Well, working code tells me more then long design mails, make something and
see if this is workable.
>
> Of course, everything would be much simpler if happycode blocked recompiles
> outright, but then where's the advantage in porting to dgd?
Personally I think the hassle of actually implementing this without too many
restrictions is much bigger then the hassle of rewriting code that uses
'happycode' and not worth the time and effort. Why?
There are essentially 2 mudlibs that are in wide use still that would benefit
from this (Discworld and Dead Souls), but that will require a lot of work to
port anyway, especially if you want in-place recomplilation to work, it will
cause a lot of refactoring of code and moving things around. I'm absolutely
not convinced that either lib will actually get ported to dgd once 'happycode'
works, rather, I'm convinced neither will get ported. Why would they want to
spend time on porting when already not having enough time to address all
functional issues to begin with. Matter of priorities of course, but for most
such muds technical correctness isn't exactly a priority at all.

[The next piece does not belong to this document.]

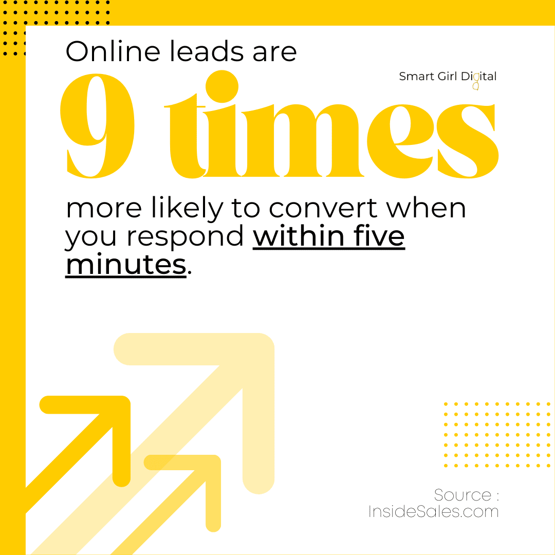 Staggering Stat #5: Online leads are nine times more likely to convert when you respond within five minutes (Source: InsideSales.com)
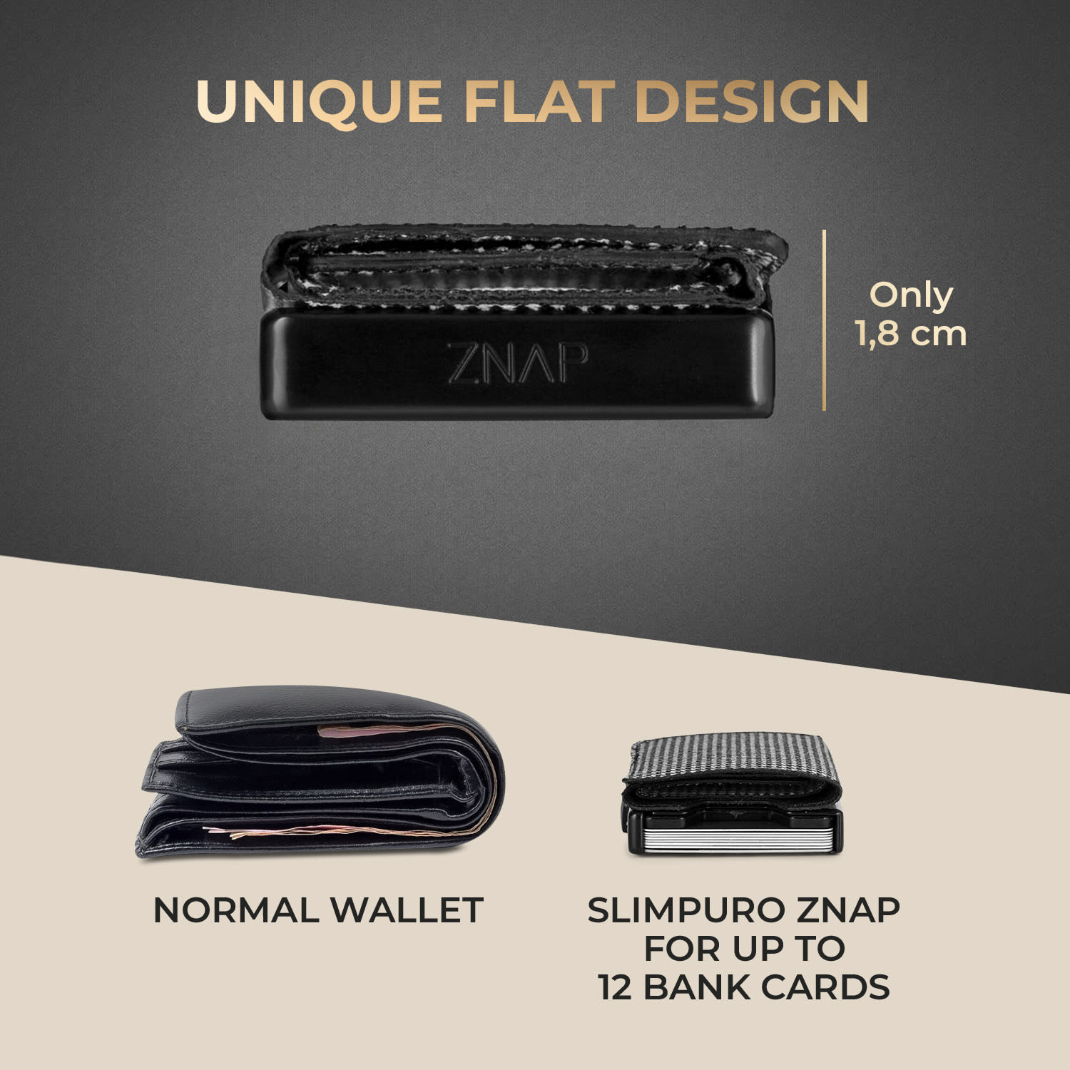 Slimpuro ZNAP Slim Wallet, 12 kariet, priehradka na mince, 8 x 1,8 x 6 cm (Š x V x H), ochrana RFID

I'd suggest to only consider pursuing a plan like this if you have yourself a
direct need for it, are going to port a lib yourself, and would like to have
others benefit from your efforts. Else the chance is pretty much 100% that it
will end up like Felix' function pointers, you add it, noone will look at it
for another 2 years, and then someone comes along who actually checks it
functionally, and then forgets about it again.